Now the point is that when $X=G/G^\theta$ is symmetric, the restricted roots $\Delta_\theta$ is exactly (up to the scale by $1/2$ which is not really necessary) the set of normalized roots $\Delta_X^n$. Namely if you instead set of elements $\alpha-\theta(\alpha)$ for $\alpha\in\Delta,$ then you recover the normalized roots as a subset of the character lattice of $A$. This is explained in Knop's ``Automorphisms, root systems, and compactifications of homogeneous varieties'' paper, and also in Timashev's book.

Calculationally, we can start by calculating $\Delta_X^n=\Delta_\theta$ as above (though you need to make sure that $A$ is in the correct relative position with $\theta$: it needs to be a maximally $\theta$-split maximal torus). Now we can recover $\Delta_X$ by locating which normalized roots are twice a ``distinguished root'' and rescaling it with $1/2$: this has to do with locating which roots in $\Delta_X^n$ which can be halved without violating Luna's axioms. For example, in the example you give with $G=SL_{2m}$ and $X=SL_{2m}/S(GL_m\times GL_m)$, if we use the standard numbering of the roots, then $$\Delta_X^n = \{\alpha_1+\alpha_{2m-1},\ldots, \alpha_{m-1}+\alpha_{m+1}, 2\alpha_m\}$$ is of Cartan type $C_m$ while $$\Delta_X = \{\alpha_1+\alpha_{2m-1},\ldots, \alpha_{m-1}+\alpha_{m+1}, \alpha_m\}$$ is type $B_m$. Here the root $\alpha_m$ is distinguished in the sense of Losev. In this case $\Delta_X=\Delta_X^{SV}$, so $\check{G}_X=Sp_{2m}$.

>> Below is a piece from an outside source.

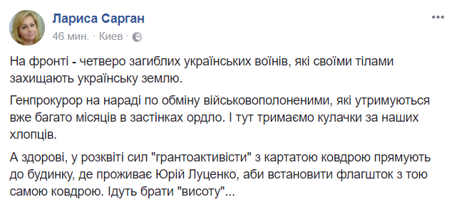 13.12 - Советник Юрия Луценко намекнула активистам "Автомайадана" о том, что пока на фронте гибнут наши солдаты, они здоровые и рассвете сил с одеялом едут к дому Генпрокурора. Об этом написала пресс-секретарь Генерального прокурора Украины Лариса Сарган на своей странице в Facebook.

In general, computing $\Delta_X^{SV}$ from $\Delta_X$ requires further scaling if there are spherical roots of the form $2\alpha$ which are not distinguished (replacing $SL_{2m}/S(GL_m\times GL_m)$ with the (disconnected) normalizer of the Levi is an example of this) as well as sometimes scaling a sum $\frac{1}{2}(\alpha_1+\alpha_2)$ by $2$. This ensures the existence of a morphism $\check{G}_X\to \check{G}$, but means that this map will not be injective in general.

Answer 2

There is a small survey published in an Oberwolfach report by Bart Van Steirteghem comparing the different normalizations of spherical roots in more detail. The standard normalization is obtained by decreeing spherical roots to be primitive in the weight lattice of the spherical variety of $X$. On the other hand, Sakellaridis and Venkatesh want spherical roots to be primitive in the root lattice of $G$. As opposed to the standard normalization this leads to a dual group of $X$ which maps to the dual group of $G$. On the other hand, SV-spherical roots are in general not weights of $X$. A third difference is that the SV-root system is invariant under finite maps $X\to X'$ while the standard root system is not.